KAYNAK: PSİKOLOJİ TARİHİ
ORAL DÖNEM (0-1.5 YAŞ): Psikoseksüel Gelişim Döneminin ilk aşaması, doğumdan bir yaşına kadar uzanan, bebeğin ağzının, annenin göğsünde beslenme zevkinden ve çevrelerinin sözlü keşfinden, yani nesneleri ağza yerleştirme eğiliminden kaynaklanan libidinal hazzın odak noktası olduğu oral aşamadır. Çocuk, bir şeyleri ağzına emmenin ve kabul etmenin içsel zevkiyle emzirmeye odaklanır. İd baskındır, çünkü ne ego ne de süper ego henüz tam olarak gelişmemiştir ve bebeğin kişiliği başka ifadeyle kkimliği olmadığı için her eylem haz ilkesine dayanır. Bununla birlikte, çocuksu ego sözlü aşamada oluşuyor; oluşumuna iki faktör katkıda bulunur: bir beden imajı geliştirirken, dış dünyadan ayrıdırlar, örneğin çocuk vücuduna uygulandığında acıyı anlar, böylece vücut ve çevre arasındaki fiziksel sınırları belirler; gecikmiş haz yaşamak, belirli davranışların bazı ihtiyaçları karşıladığının anlaşılmasına yol açar, örneğin ağlamak belirli ihtiyaçları tatmin eder. Annede sütten kesme, bebeğin psikoseksüel gelişiminin oral evresindeki en önemli deneyimdir, annenin göğsünde beslenmenin fiziksel yakınlığını kaybetmenin bir sonucu olarak ilk kayıp hissi. Çocuk sadece emzirmenin duyusal zevklerinden değil, aynı zamanda bakılmanın, annelik yapmanın ve kucağa alınmanın psikolojik zevkinden de mahrumdur. Yine de sütten kesme, bebeğin çevreyi kontrol etmediğine dair öz farkındalığını arttırır ve böylece gecikmiş hazzı öğrenir, bu da bağımsızlık benliğin sınırlarının farkındalığı ve güven doyuma yol açan davranışlar kapasitelerinin oluşmasına yol açar.

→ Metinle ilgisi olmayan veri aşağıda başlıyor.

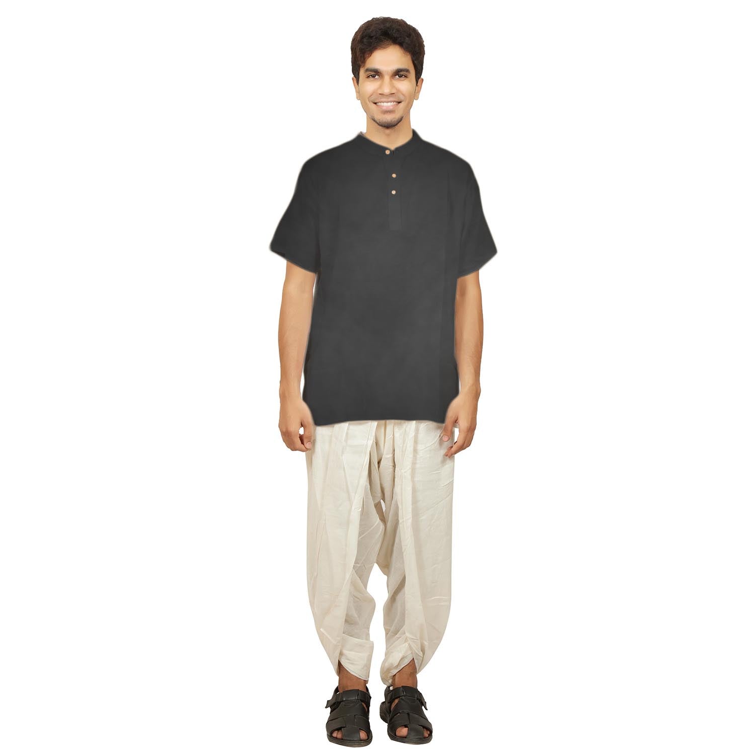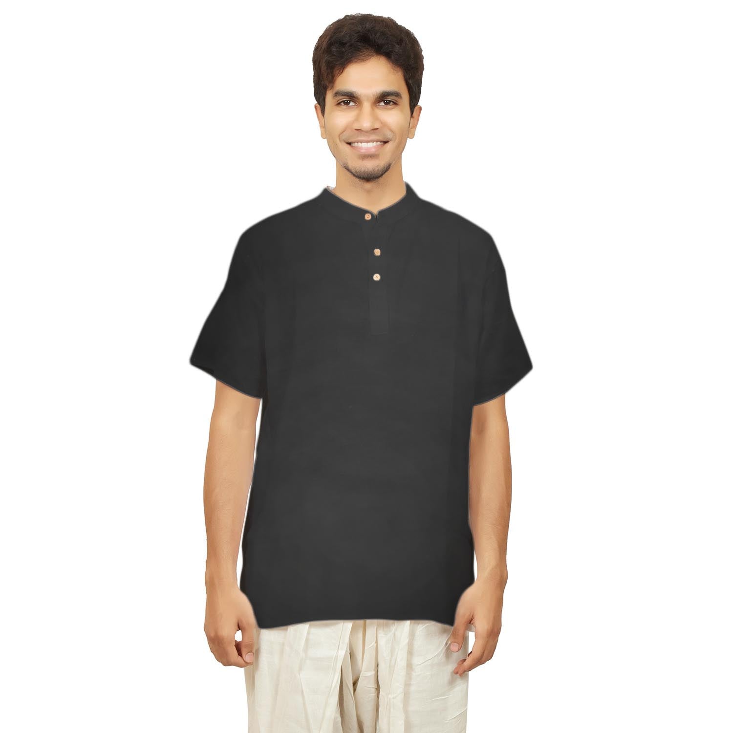 This black color kurta has been made from Hemp (which is one of the most environmentally friendly fibers in the world) and cotton. Hemp gives it a look of classic linen. This kurta is incredibly versatile and can be matched with trousers or dhoti. It has very elegant design and fitting which gives it a perfect ethnic look. It can be used as a comfortable yoga wear as it will allow your skin to breath during your practice. Apart from this, it will give a cool look at casual hang out with friends as well.
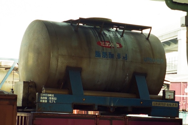 有者】 日本石油輸送株式会社 【借受者】 ミヨシ油脂株式会社 【輸送品目】 脂肪酸専用 【運用区間】 神戸港〜東京(タ) 【その他】 ミヨシ油脂(株)の神戸工場は兵庫県神戸市長田区苅藻通7-1-48にあり、各種脂肪酸を製造している。 2012.6.30作成 2012.7.16訂補
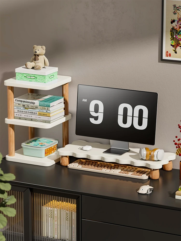 Solid Wood Monitor Stand - Adjustable Height Desktop Display Riser with Multi-Layer Storage Organizer for Office Use, Enhances Workspace Efficiency and Comfort
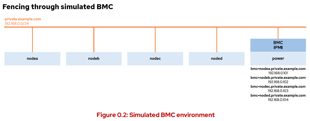 가상머신은 Power 관리에 관련된 BMC(Baseboartd Management Controller) 가 없다. 래서 BMC 동작은 power 라는 machine 의해 시뮬레이트된다. 시뮬레이션된 BMC 메커니즘은 클러스터 노드에서 원격으로 모니터링 및 관리 작업을 수행한다. (BMC에서 펜싱을위한 파워 모니터링을 말하는것으로 보임) BMC 장치의 IP주소는 (192.168.0.101/102/103/104) 이며 각각 nodea/b/c/d 를 위해 사용된다. 이것은 power 에 의해 호스트된다.
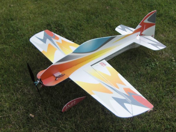 Gewicht 155g. Regler: Diamond 10A, Empfänger: Futaba RX600 DSP, Motor: Roxxy 1820-12, Akku: Select ENERGY 2S 360mAh; Dauer 25C Burst 50C; Prop.: GWS 8X4,3.
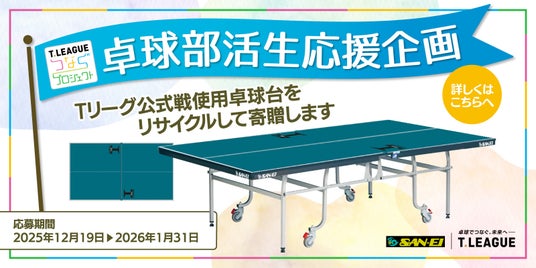 Tリーグでは、これまで行ってまいりました卓球部活生応援の一環として、リーグ卓球台サプライヤーの株式会社三英様のご協力のもと、全国の中学校、高等学校の卓球部の皆さんを選考対象として、ノジマTリーグ 2025-2026シーズンで使用した卓球台天板に、新たに脚をつけた卓球台1台を寄贈いたします。

Yine de, sözlü aşamanın engellenmesi, arzunun çok fazla veya çok az tatmini, egosal formasyonun bir sonucu olarak manipülatif bir kişilikte kendini gösteren pasiflik, saflık, olgunlaşmamışlık, gerçekçi olmayan iyimserlik ile karakterize edilen bir oral aşama saplantısına yol açabilir. Çok fazla tatmin durumunda, çocuk çevreyi kontrol etmediğini ve tatminin her zaman hemen olmadığını öğrenmez, böylece olgunlaşmamış bir kişilik oluşturur. Çok az tatmin durumunda, bebek, tatmin edici davranışı üretmesine rağmen, tatminin gelmediğini öğrendiğinde pasif hale gelebilir.